The first release of Snap ML enabled GPU-acceleration of generalized linear models (GLMs) and also enabled scaling these models to multiple GPUs and multiple servers. GLMs are popular machine learning algorithms, which include logistic regression, linear regression, ridge and lasso regression, and support vector machines (SVMs).

Our previous results showed that Logistic Regression from Snap ML running is 46 times faster than other machine learning frameworks, which rely on CPUs alone.

Our latest version of Snap ML adds high performance implementations of Decision Trees and Random Forests. Our implementation of these algorithms takes advantage of multiple CPU cores and threads (but so far do not take advantage of GPUs). Click here for documentation on Snap ML.

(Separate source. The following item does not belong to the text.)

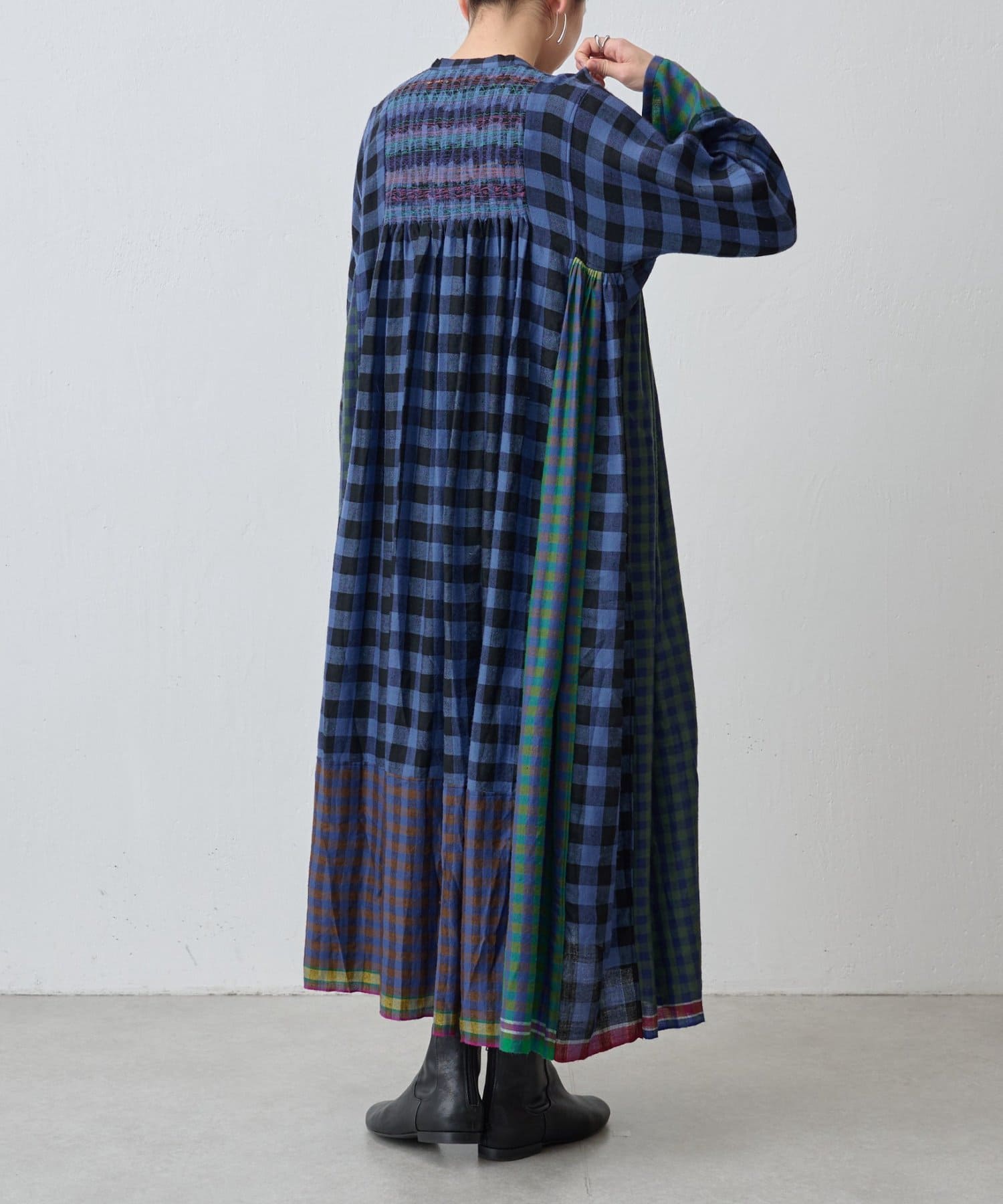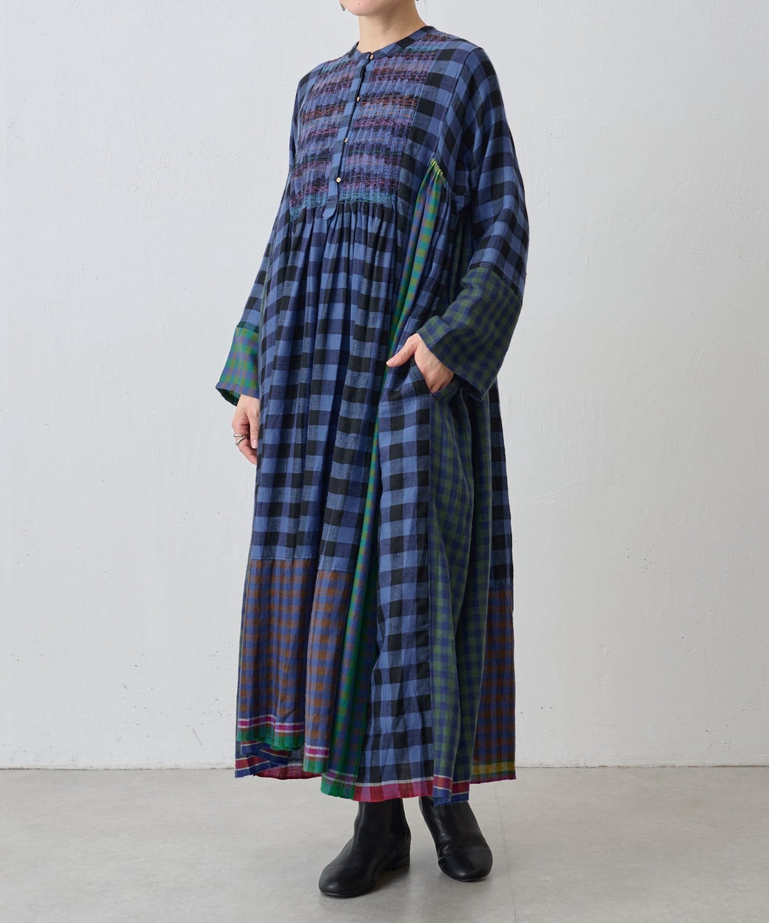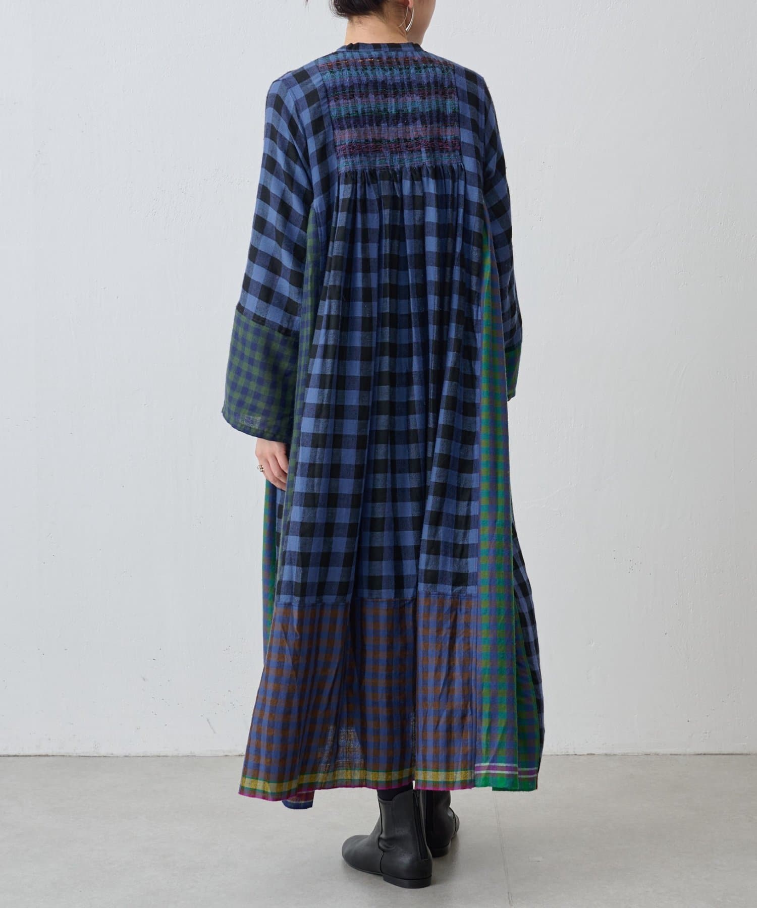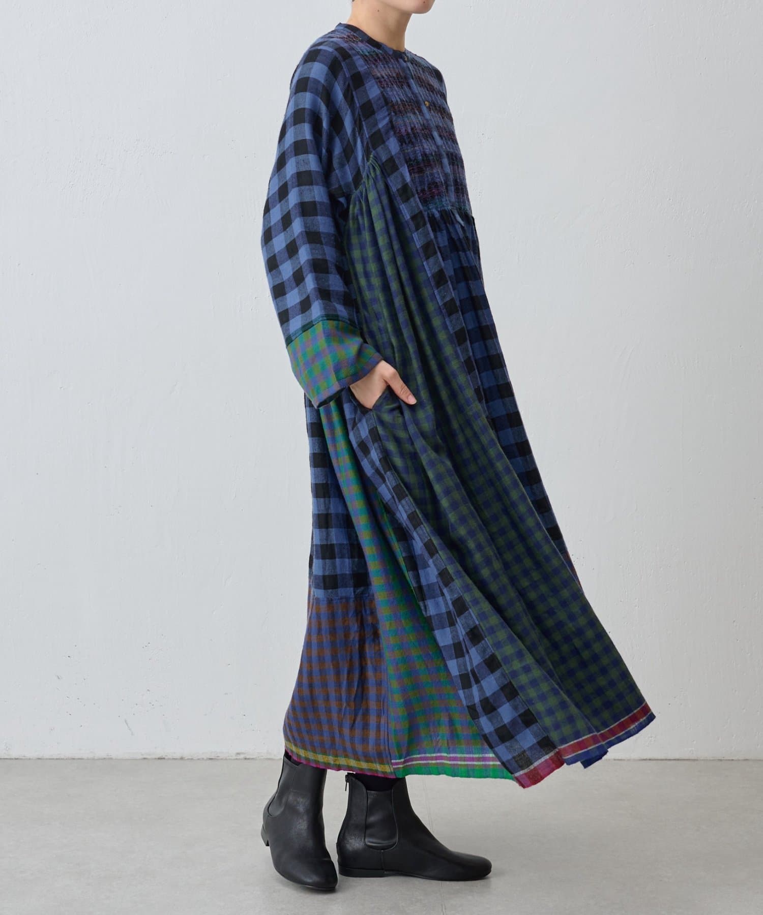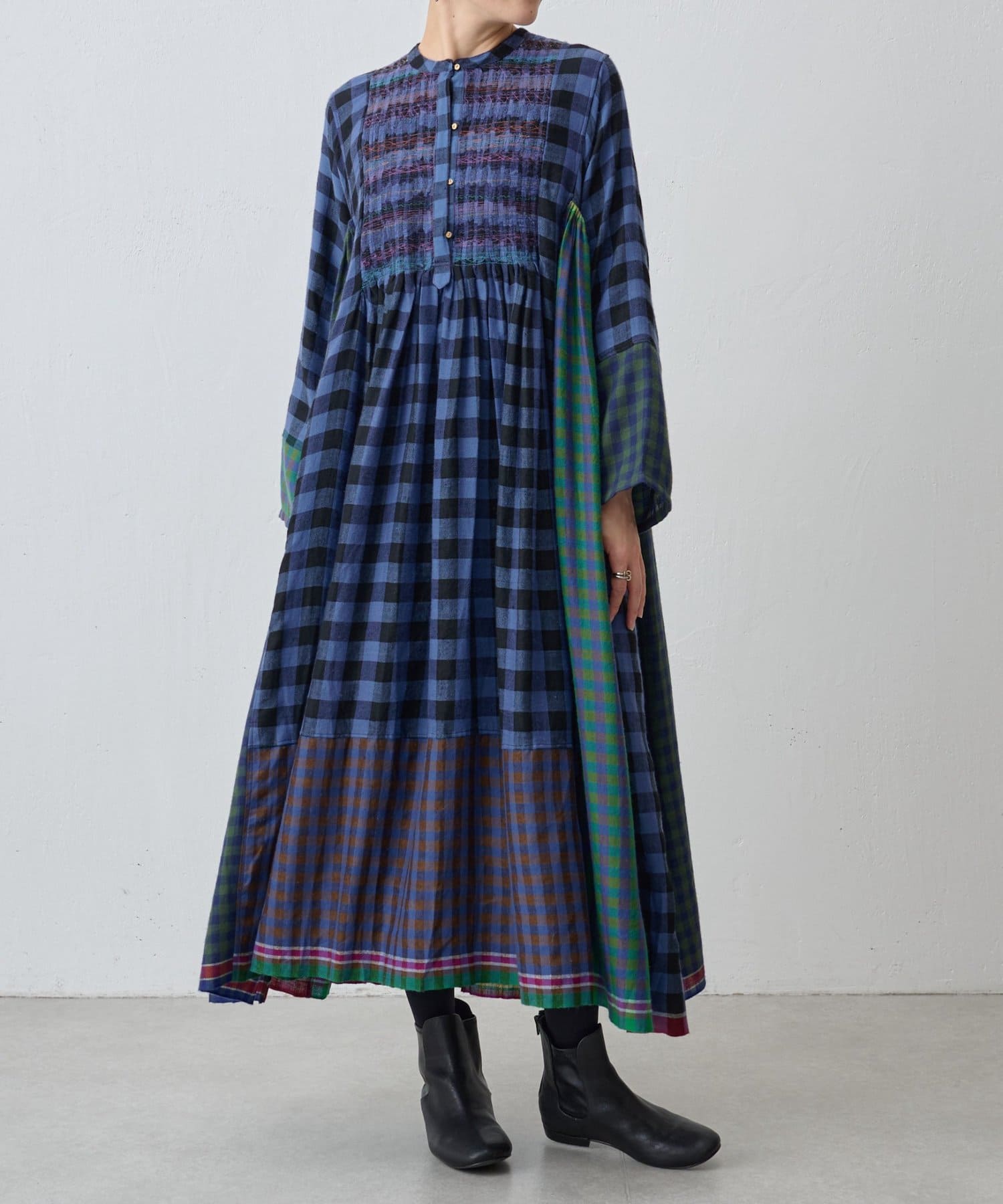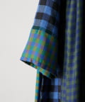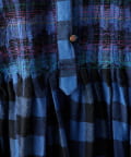 様々なカラーのブロックチェック生地を組み合わせたシャツワンピース。

Snap ML 2 to 4x Faster than Scikit-Learn for Decision Trees and Random Forests

Our implementation of decision trees and random forests in Snap ML is between 2 times to 4 times faster than the implementations in scikit-learn, which is the most popular machine learning scikit-learn software.

This comparison is between a single Power9 CPU against a single latest Intel x86 CPU. This speed-up is primarily because our implementation of these algorithms is designed for high-performance.

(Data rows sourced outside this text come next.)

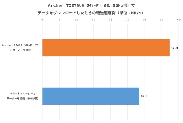 「Archer BE450」とサーバーをWi-Fi 7でつなぎ、Archer TXE70UH(Wi-Fi 6E、5GHz帯)でデータをダウンロードしたときは毎秒37MB程度。Wi-Fi 6ルーターを使った場合は毎秒28MB程度となった
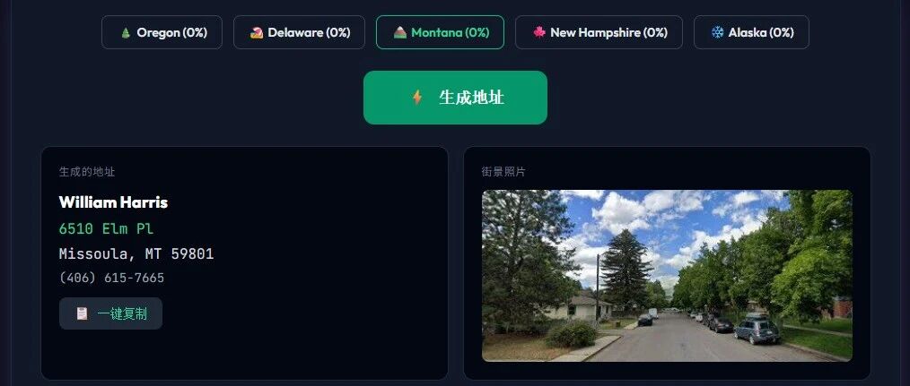 美国免税州地址生成器:真实街景+风控数据,免费跨境注册工具
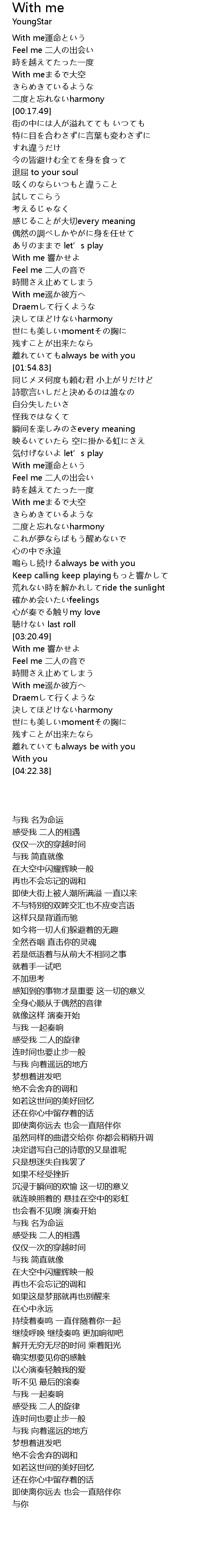 | [03:02.99] | Keep calling keep playing xiǎng |
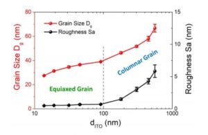 研究表明,随着ITO薄膜厚度的增加,应力类型从拉应力转变为压应力。AFM分析显示ITO薄膜表面呈三维生长模式,沉积过程中晶粒结构由等轴晶向柱状晶转变。
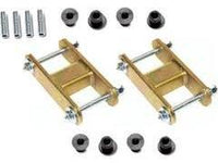 This unique suspension system comes complete with lock nuts, polyurethane bushings, drilled sleeves (where needed), and hardened bolts with greaseable fittings. Similar to our Leaf Spring Shackles, kits contain all of the hardware needed for an easy installation, for an immediate lift to clear oversize tires. Our shackles allow a lift from ½” to 2½” depending on the application. Kits come in pairs and are available in either hammertone gray or gold zinc finishes.
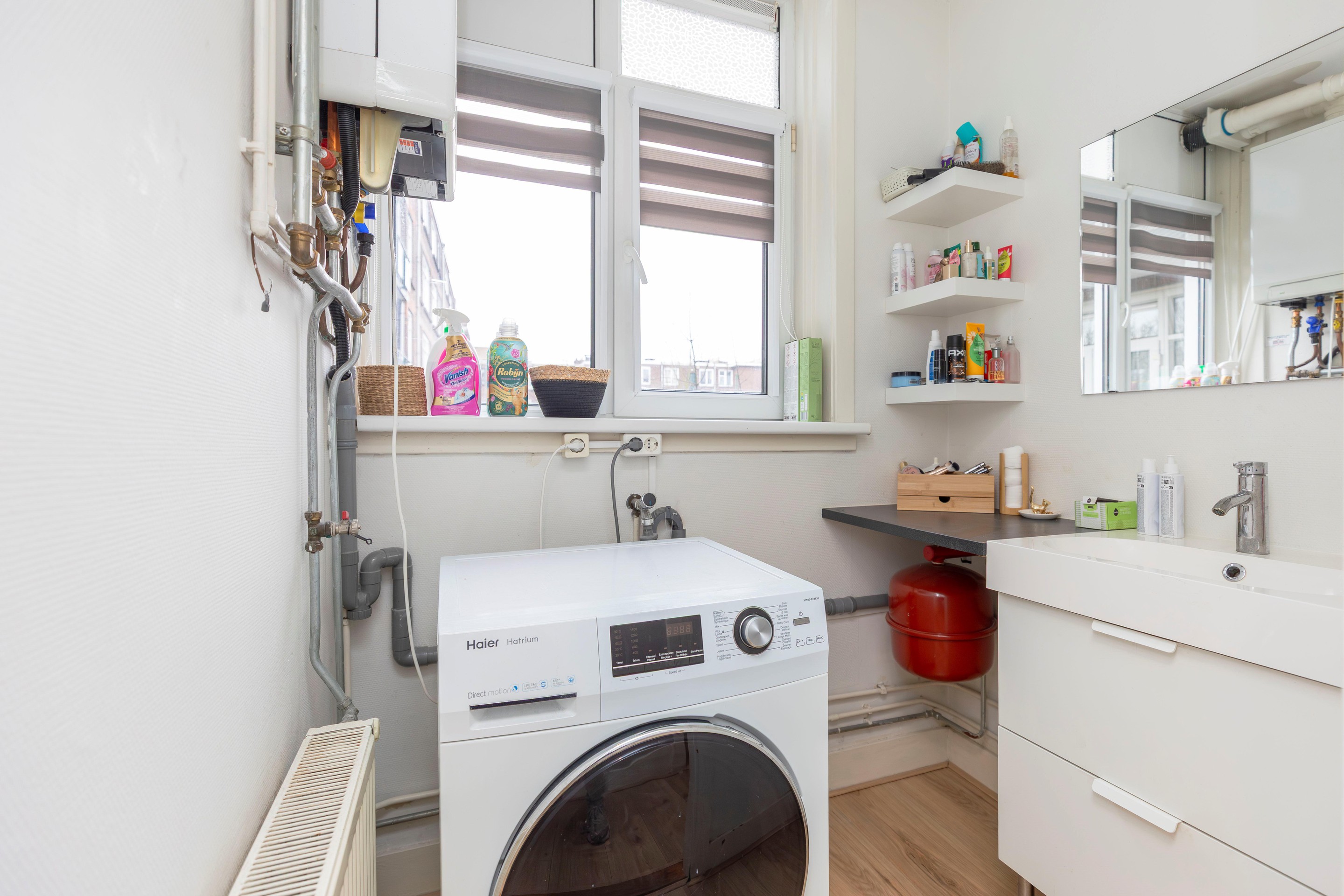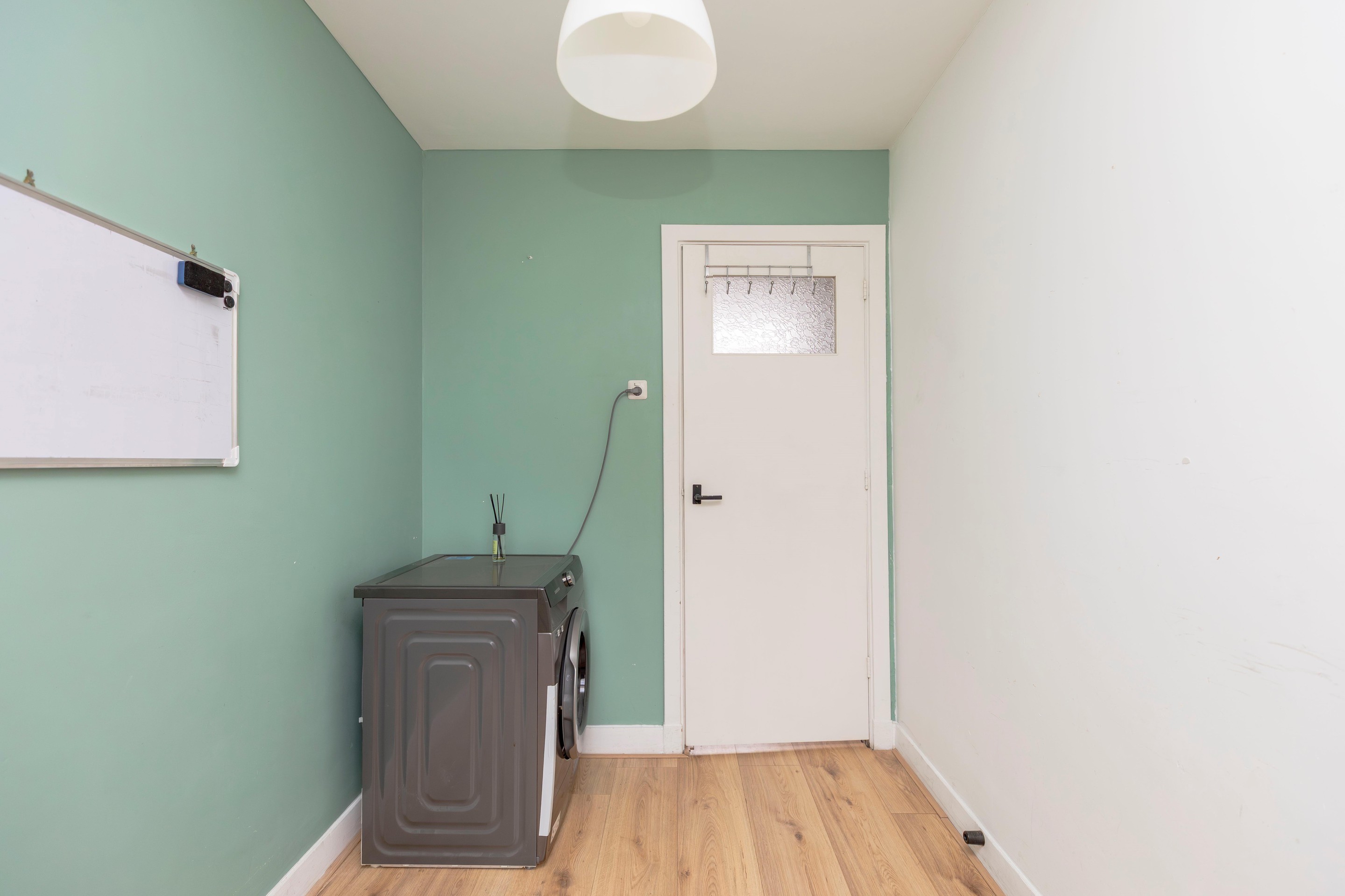 De tweede kamer wordt momenteel gebruikt als waskamer (de droger is hier gesitueerd), maar is dankzij de fijne afmetingen uitstekend geschikt als kinder-, werk- of logeerkamer.

The linear models in Snap ML like logistic regression, linear regression, and SVMs are accelerated by GPUs (read our earlier Snap ML blog to learn more).

3x Speedup due to NVLink between Power CPUs & NVIDIA GPUs

We also compared running a linear regression model in Snap ML on a Power9-based AC922 server to an x86-based, both of which have the latest NVIDIA V100 GPU accelerator. We find that the Power9 AC922 server is 3 times faster than the x86 server.

This speedup is due to the unique NVLink high-speed connection that is embedded in the Power9 CPU and the NVIDIA V100 GPU, that is up to 5 times faster data transfer between the CPU and GPU compared to x86 based systems. The slow PCI-e interface in servers with x86 CPUs and NVIDIA GPUs becomes a bottleneck for machine learning and deep learning training jobs.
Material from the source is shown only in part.